Tuesday, March 25, 2014


(The noble army of martyrs : praise thee. The Te Deum Laudamus)

By Roger Salter
Special to Virtueonline
March 24, 2014

No major English leader of the Reformation era has been more seriously misjudged than Thomas Cranmer. The Protestant martyrs of his generation have been admired, deservedly, for their courage. Latimer has been lauded for his fearless preaching, Ridley for his wisdom and measured theological pronouncements, Bradford for his bold doctrinal stance and benign nature, and Jewel for his masterly defense of the Reformed Catholicism of the Church in England. Cranmer is appreciated by liturgiologists and lovers of the traditional 16th/17th century services of the Book of Common Prayer.

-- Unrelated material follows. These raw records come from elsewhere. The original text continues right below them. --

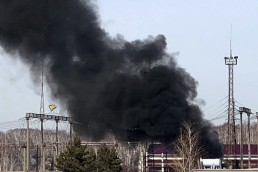 Густым черным дымом затянуло небо над Калининским районом. Возникла угроза разлива масла.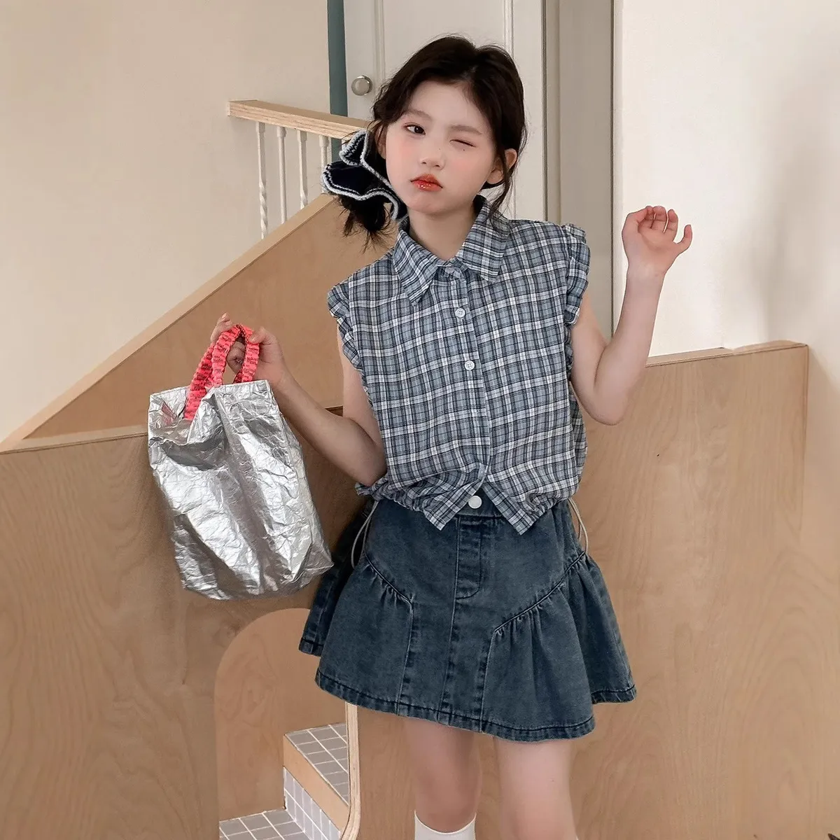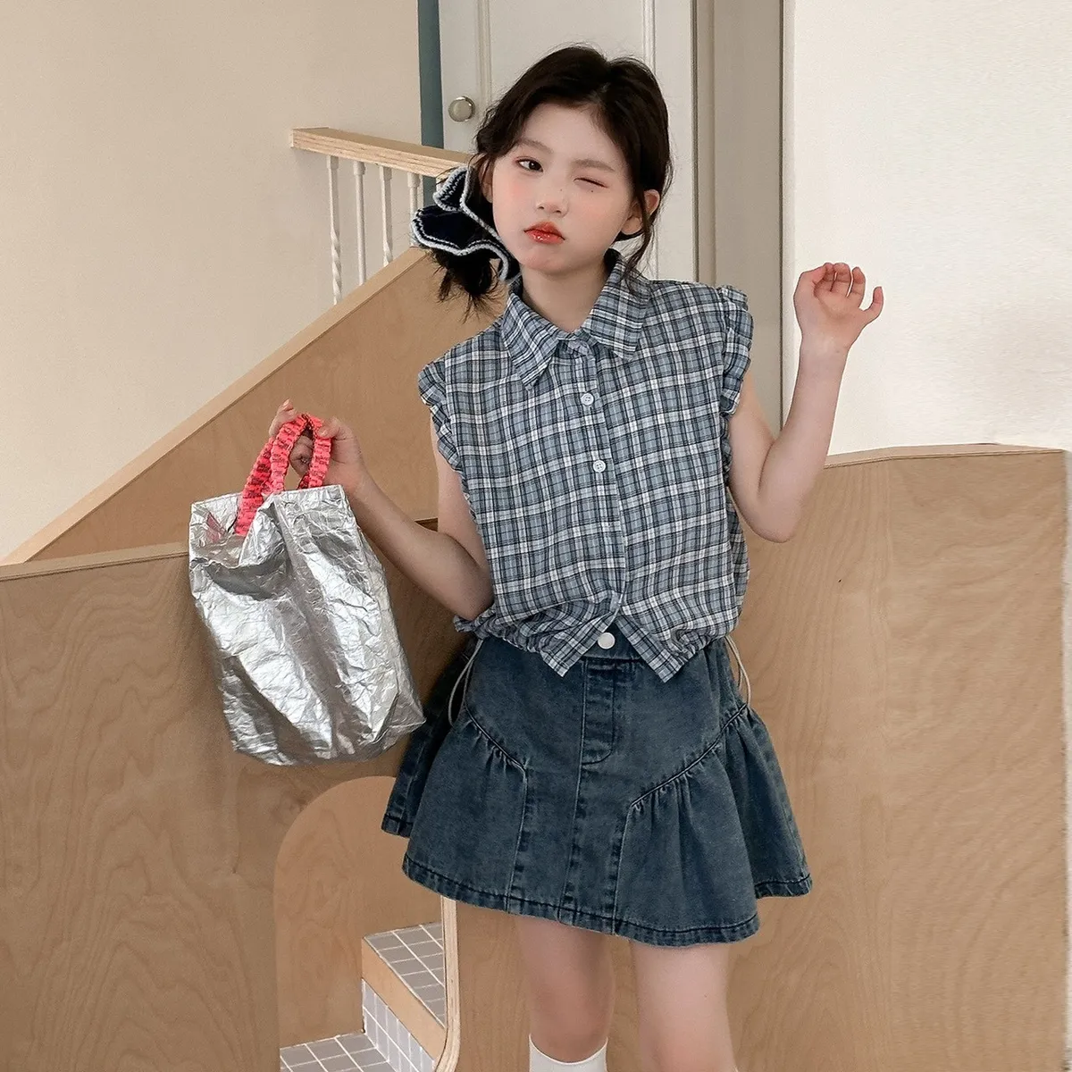 清爽無袖格子襯衫搭配經典百搭牛仔短裙,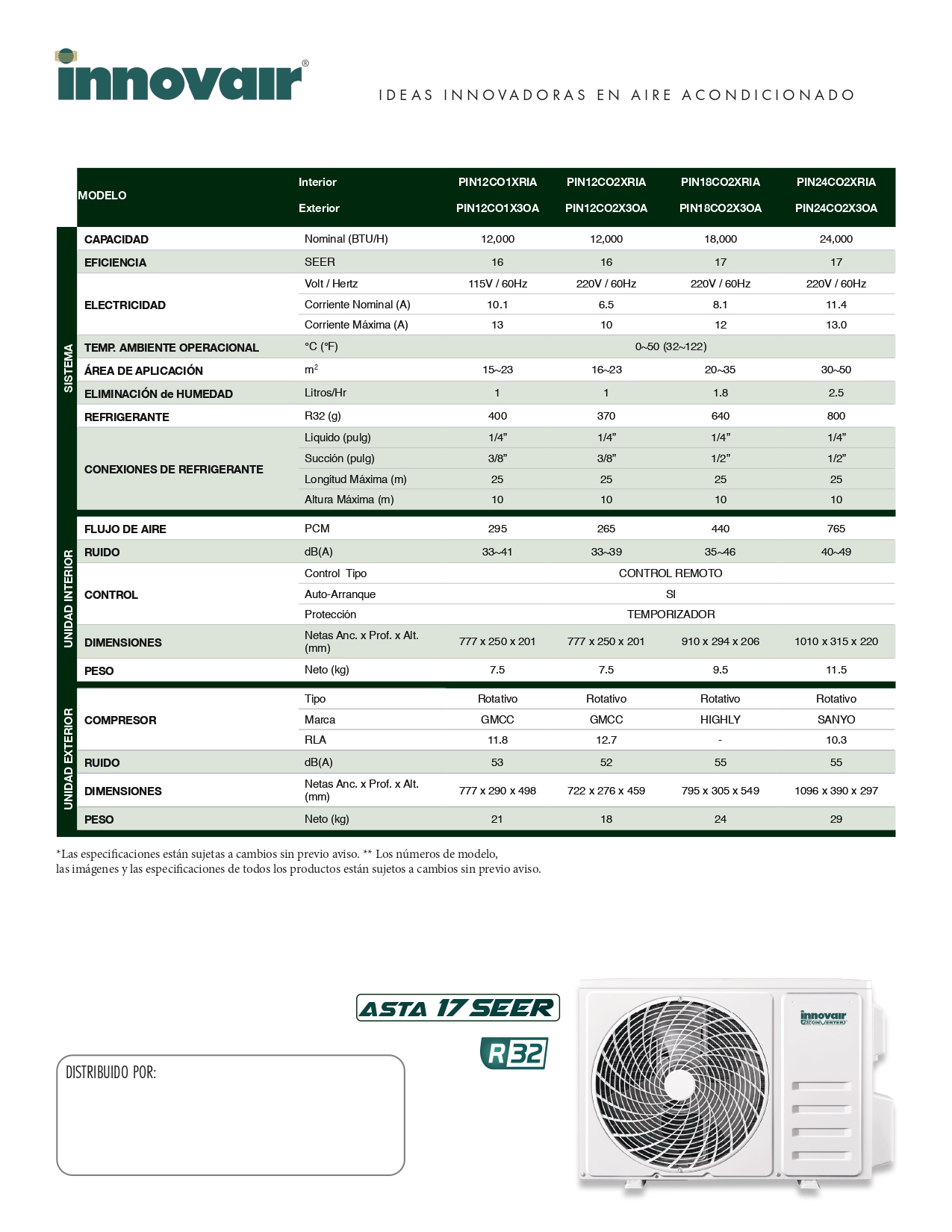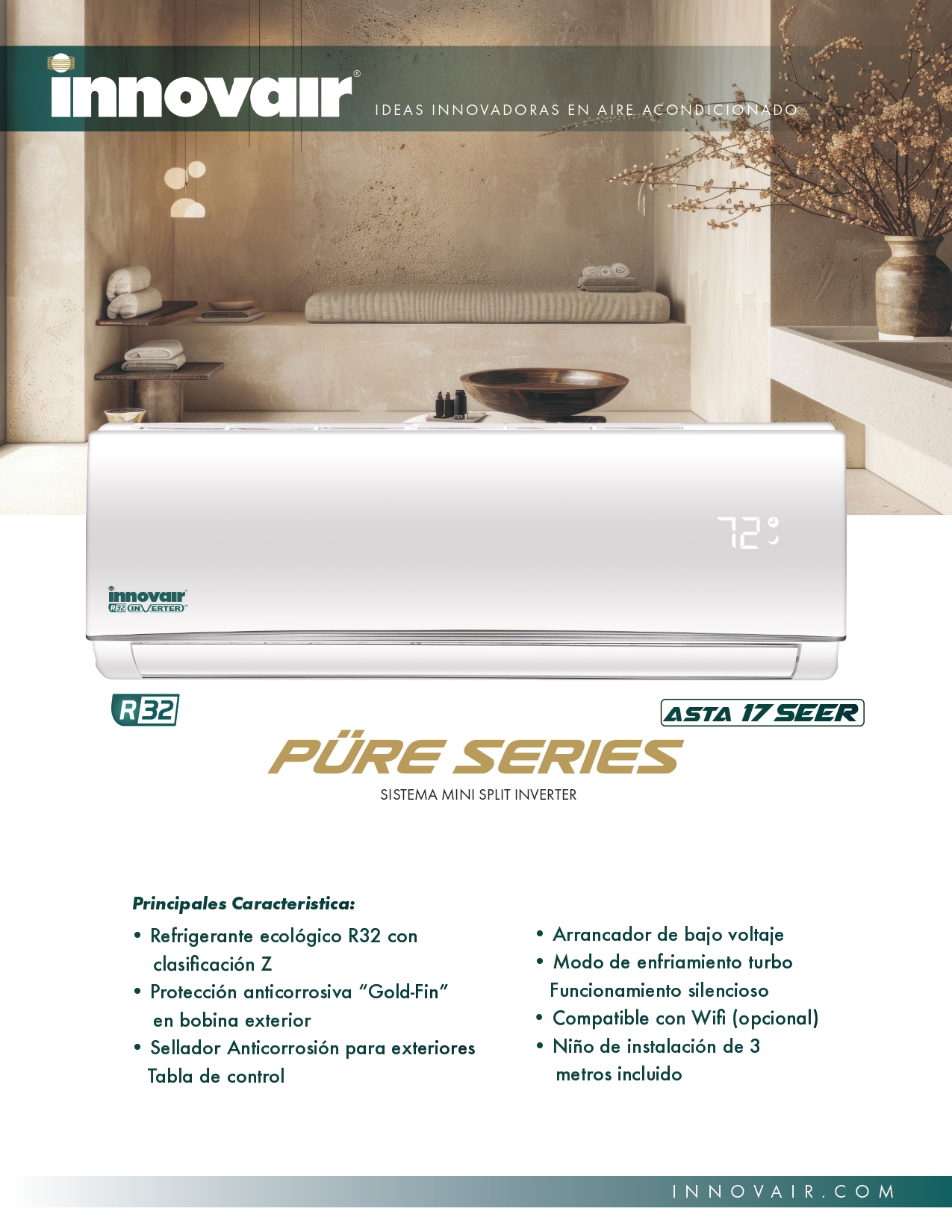 AIRE ACONDICIONADO SIST MIN-SPLIT 12KBTU 220/1 R32 SEER 16 PURE INVERTER INNOVAR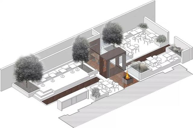 八荒设计还设计了CHARCOHOL的室外花园,作为“温度轴”的延伸,延续“灰”后室的材质。花园的中心是一个烧烤私宴功能的玻璃耐候钢板的阳光房。阳光房的花园里种有各种烹饪用的香草及花果,人们可以在这里享受阳光、咖啡,和休闲炭烤等美味。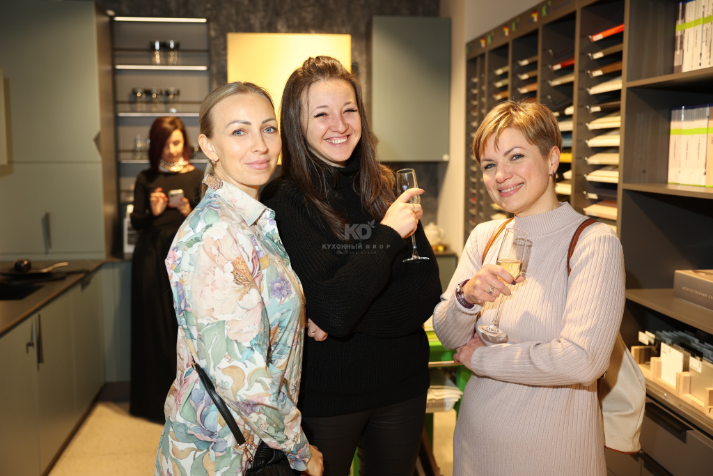Торжественную часть открыл правообладатель бренда «Кухонный Двор» и идейный вдохновитель — Юрий Викторович Титов. Следом выступили: исполнительный директор и руководитель департамента продаж Артёмов Александр Владимирович, руководитель дизайн-студии Прошина Анна Николаевна и управляющая салоном КД «Можайский» Лепехо Елена Анатольевна.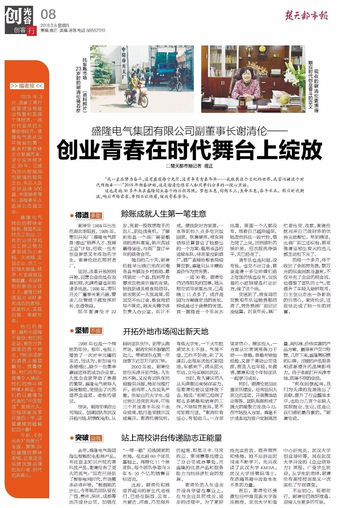 转自3月8日《楚天都市报》报道编者按1979年3月,国家工商行政管理总局提出恢复和发展个体经济,一场时代变革的大幕徐徐拉开。盛隆电气就从当年我省的第一家农村联合体企业发展而来,坚守实体经济近39年,已成为国内智能用电领域的领先企业,先后入选亚洲品牌500强、中国驰名商标,连续多年入选湖北百强企业。盛隆电气独创的...2018-03-20 -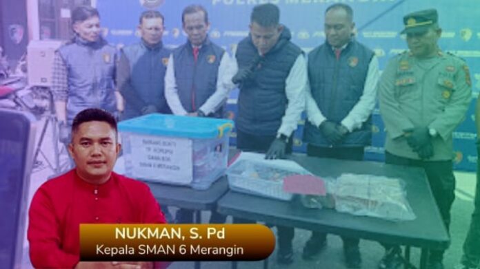 Eks Kepsek SMAN 6 Merangin Nukman beserta 3 orang kroninya berujung menjadi tersangka dari Polres Merangin. Kasus ini agar menjadi contoh bagi para Kepsek SMA di Provinsi Jambi agar tidak makan uang haram milik Siswa-siswi di sekolah yang mereka pimpin.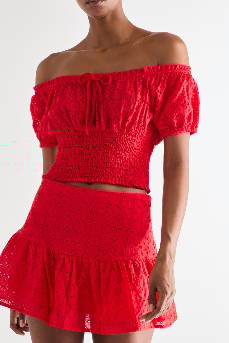 Crop top con bordado inglés - Rojo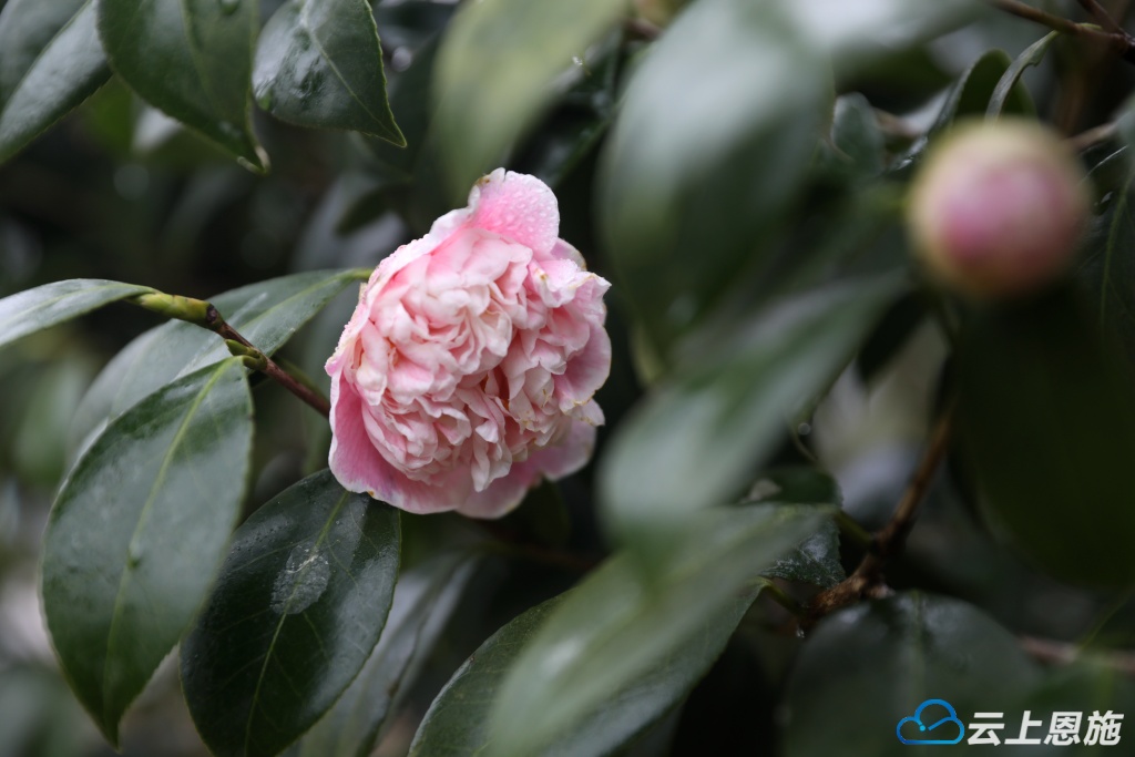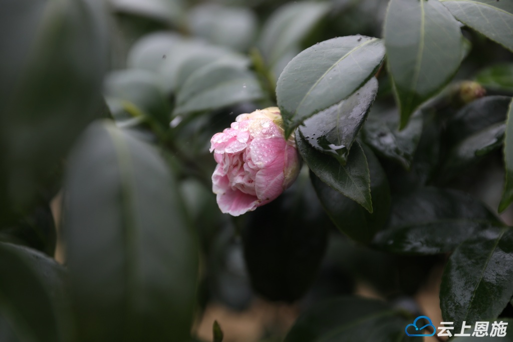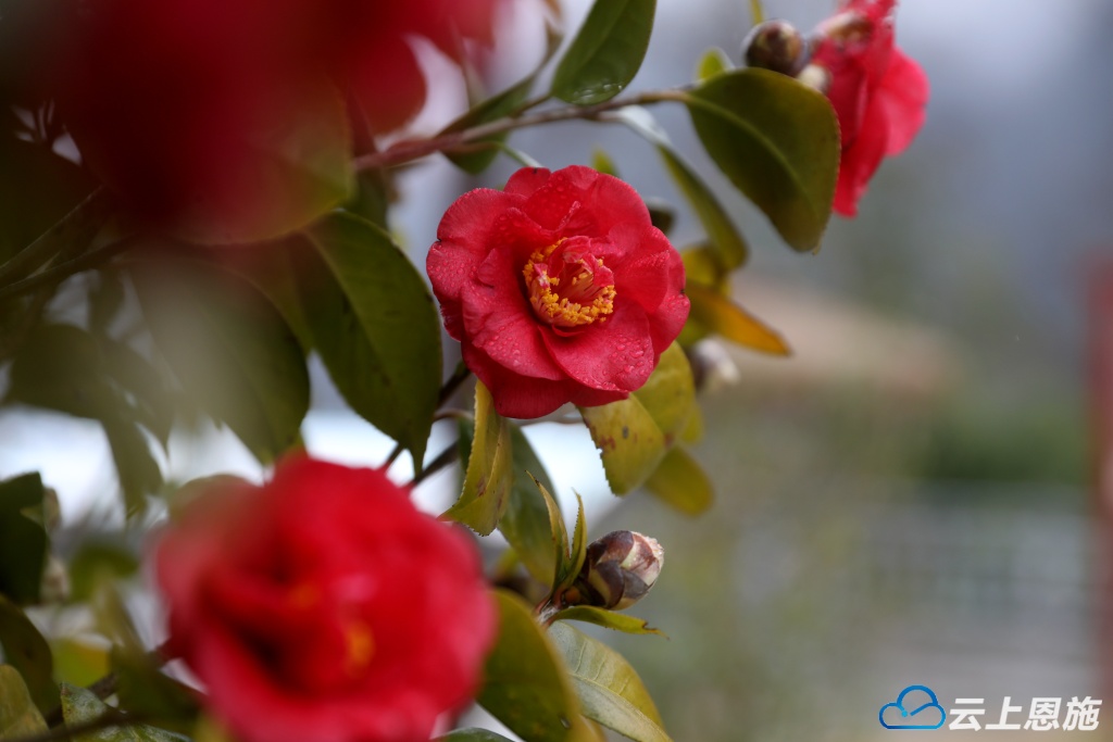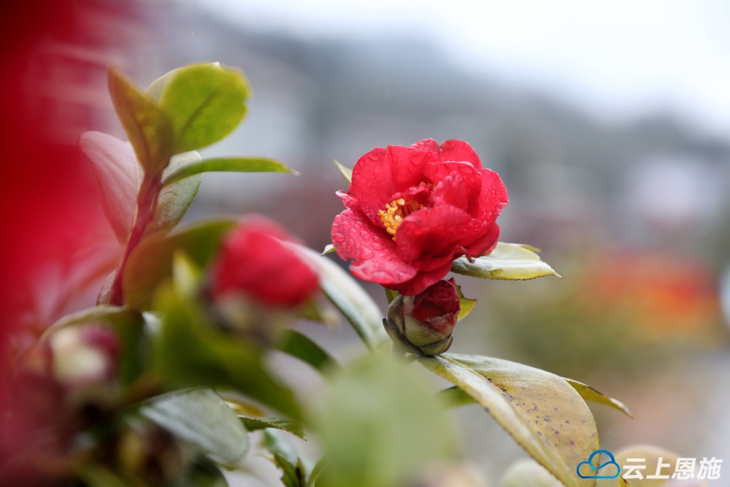 一场春雨过后,下坪乡留驾村红色文化广场上的山茶花开的更艳了,花朵上凝聚了晶莹的水珠,映着山茶花的红显的晶莹剔透。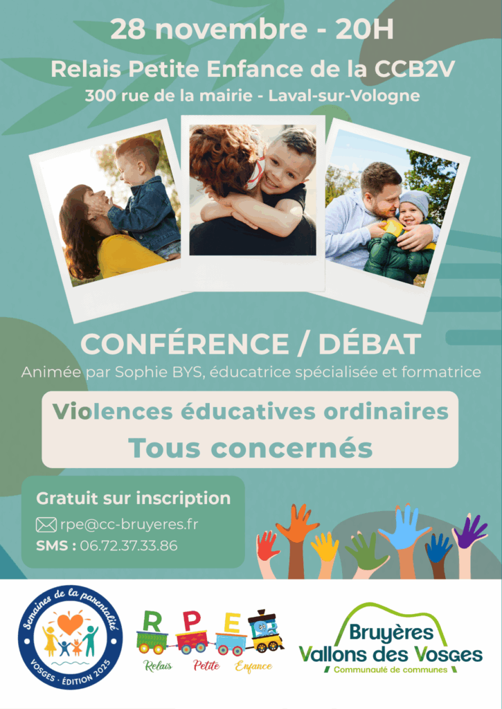 Pour clôturer les Semaines de la Parentalité dans les Vosges, le Relais Petite Enfance de la CCB2V propose une  conférence / débat ouverte à tous. Le thème : Violences éducatives ordinaires, tous concernés.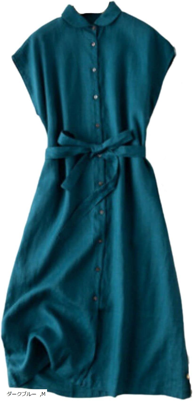 リネンワンピース レディース フレンチスリーブ かわいい シャツ(ダークブルー, M)

Scarcely anyone is familiar with the person of Cranmer, his integrity as a servant of the divine appointment of the monarchy, as he believed, his skills as a careful scholar cautious in arriving at sound conclusions, his thoroughness as a theologian with profoundly pastoral motives, and his tenderness as a true child of God. The mind of Cranmer conceived the mental and spiritual architecture of authentic Anglicanism and the mildness of his temperament determined the mature mien of Anglican character. He fashioned both the essence and ethos of Anglicanism as an instrument in the hand of God for the blessing of his nation.